*The data:*
------------------------------------------------------------
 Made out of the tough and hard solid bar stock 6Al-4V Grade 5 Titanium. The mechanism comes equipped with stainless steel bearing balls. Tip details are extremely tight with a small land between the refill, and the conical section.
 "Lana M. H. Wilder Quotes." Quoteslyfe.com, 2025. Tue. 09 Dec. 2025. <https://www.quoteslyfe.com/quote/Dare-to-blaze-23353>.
------------------------------------------------------------
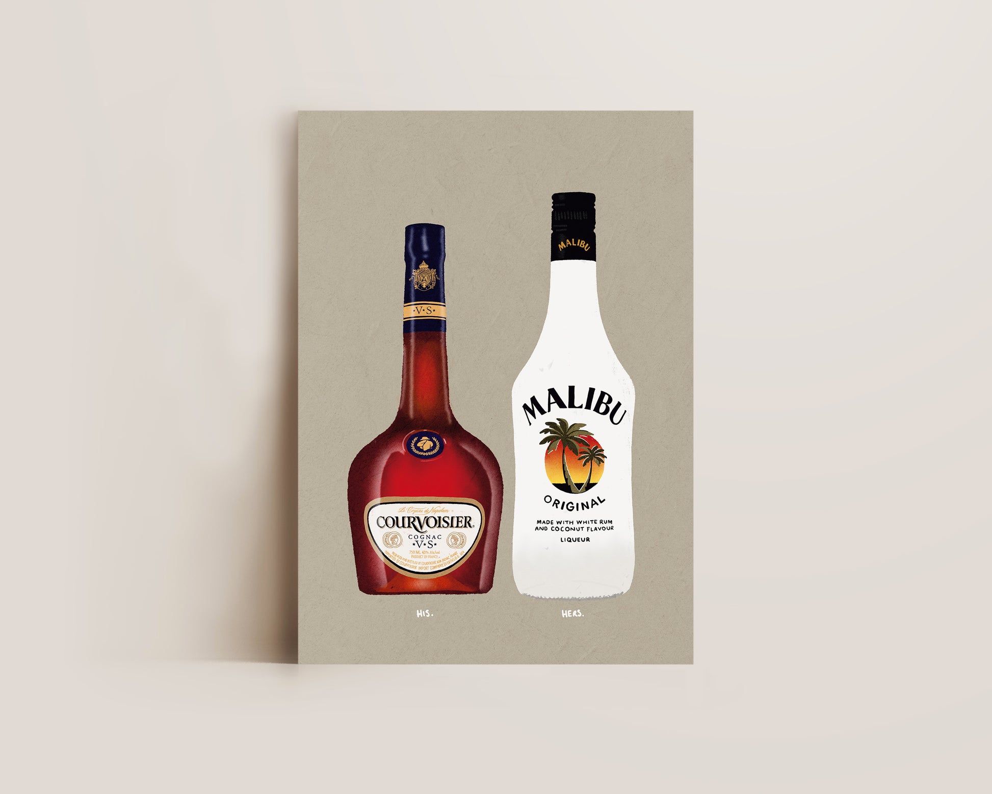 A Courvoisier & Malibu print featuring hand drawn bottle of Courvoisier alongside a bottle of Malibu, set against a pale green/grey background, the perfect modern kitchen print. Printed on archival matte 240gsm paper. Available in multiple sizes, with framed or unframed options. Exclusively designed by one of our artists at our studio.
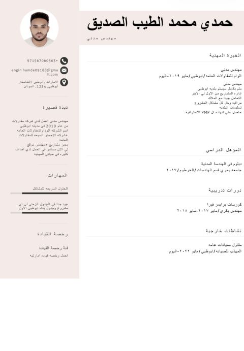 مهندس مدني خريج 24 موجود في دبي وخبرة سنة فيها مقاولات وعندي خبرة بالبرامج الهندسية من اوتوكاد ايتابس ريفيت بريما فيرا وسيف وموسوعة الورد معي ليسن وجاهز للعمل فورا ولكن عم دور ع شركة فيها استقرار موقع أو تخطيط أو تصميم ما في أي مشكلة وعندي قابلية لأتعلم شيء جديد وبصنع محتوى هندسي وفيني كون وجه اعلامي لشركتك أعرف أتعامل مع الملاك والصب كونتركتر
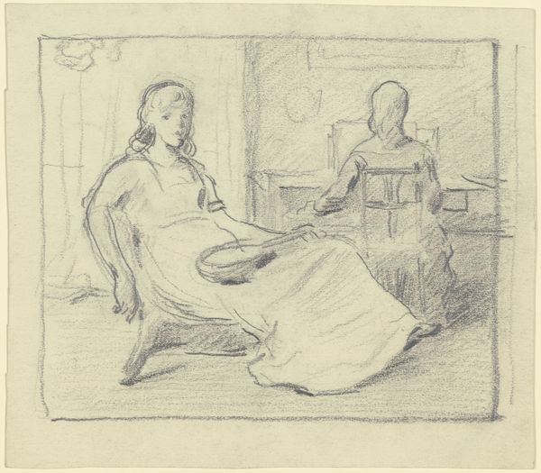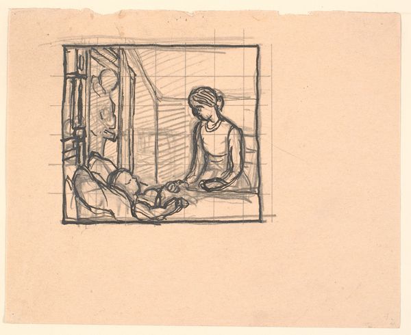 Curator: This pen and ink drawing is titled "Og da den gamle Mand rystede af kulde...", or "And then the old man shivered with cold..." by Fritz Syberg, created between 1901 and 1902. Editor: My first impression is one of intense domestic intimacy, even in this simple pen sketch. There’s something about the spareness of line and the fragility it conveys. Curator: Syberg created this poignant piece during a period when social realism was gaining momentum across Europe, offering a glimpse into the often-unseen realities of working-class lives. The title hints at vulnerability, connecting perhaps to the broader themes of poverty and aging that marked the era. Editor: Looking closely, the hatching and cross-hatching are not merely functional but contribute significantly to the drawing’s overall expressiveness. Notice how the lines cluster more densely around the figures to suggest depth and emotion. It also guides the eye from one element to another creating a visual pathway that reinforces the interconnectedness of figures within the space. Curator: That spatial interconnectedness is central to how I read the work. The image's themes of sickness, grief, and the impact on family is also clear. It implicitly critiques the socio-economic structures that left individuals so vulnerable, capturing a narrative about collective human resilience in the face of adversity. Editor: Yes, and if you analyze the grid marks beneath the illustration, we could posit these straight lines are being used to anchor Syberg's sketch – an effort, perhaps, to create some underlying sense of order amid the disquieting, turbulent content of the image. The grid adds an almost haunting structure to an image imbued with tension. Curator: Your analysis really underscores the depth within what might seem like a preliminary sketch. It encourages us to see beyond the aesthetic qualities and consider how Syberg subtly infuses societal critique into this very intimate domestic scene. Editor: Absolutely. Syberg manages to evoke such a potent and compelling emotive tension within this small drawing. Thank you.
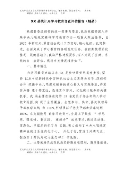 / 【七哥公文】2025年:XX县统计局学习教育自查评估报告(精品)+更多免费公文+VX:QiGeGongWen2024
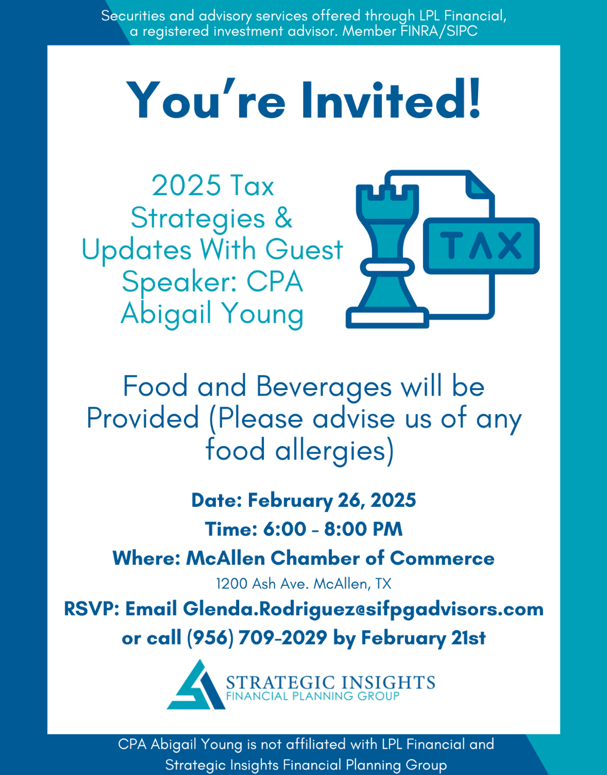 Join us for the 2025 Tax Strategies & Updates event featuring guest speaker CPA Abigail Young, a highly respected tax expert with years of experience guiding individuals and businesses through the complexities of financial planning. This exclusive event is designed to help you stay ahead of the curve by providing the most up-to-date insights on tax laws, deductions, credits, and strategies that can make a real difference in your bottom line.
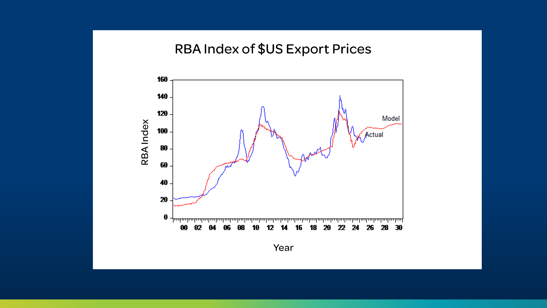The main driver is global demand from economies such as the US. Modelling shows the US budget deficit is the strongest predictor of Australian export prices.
------------------------------------------------------------
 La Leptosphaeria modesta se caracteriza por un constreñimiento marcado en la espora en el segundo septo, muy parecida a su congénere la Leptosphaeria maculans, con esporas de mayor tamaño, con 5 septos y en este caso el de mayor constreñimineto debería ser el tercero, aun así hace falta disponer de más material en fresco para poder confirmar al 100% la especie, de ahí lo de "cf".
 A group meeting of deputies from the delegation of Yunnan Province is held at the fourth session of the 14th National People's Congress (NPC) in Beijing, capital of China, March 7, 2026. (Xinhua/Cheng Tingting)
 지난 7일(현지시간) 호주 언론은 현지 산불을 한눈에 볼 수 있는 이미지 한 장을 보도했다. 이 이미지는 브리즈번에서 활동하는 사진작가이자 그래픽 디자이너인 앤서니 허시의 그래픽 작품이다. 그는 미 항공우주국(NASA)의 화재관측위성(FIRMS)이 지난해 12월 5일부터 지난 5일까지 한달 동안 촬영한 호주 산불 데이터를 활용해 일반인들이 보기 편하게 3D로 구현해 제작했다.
------------------------------------------------------------
*Problem to solve:*
Could you restate word for word the lines above from the one containing "Made out of" through the one containing "M. H. Wilder", both included, and nothing else?

*Exercise solution:*
 Made out of the tough and hard solid bar stock 6Al-4V Grade 5 Titanium. The mechanism comes equipped with stainless steel bearing balls. Tip details are extremely tight with a small land between the refill, and the conical section.
 "Lana M. H. Wilder Quotes." Quoteslyfe.com, 2025. Tue. 09 Dec. 2025. <https://www.quoteslyfe.com/quote/Dare-to-blaze-23353>.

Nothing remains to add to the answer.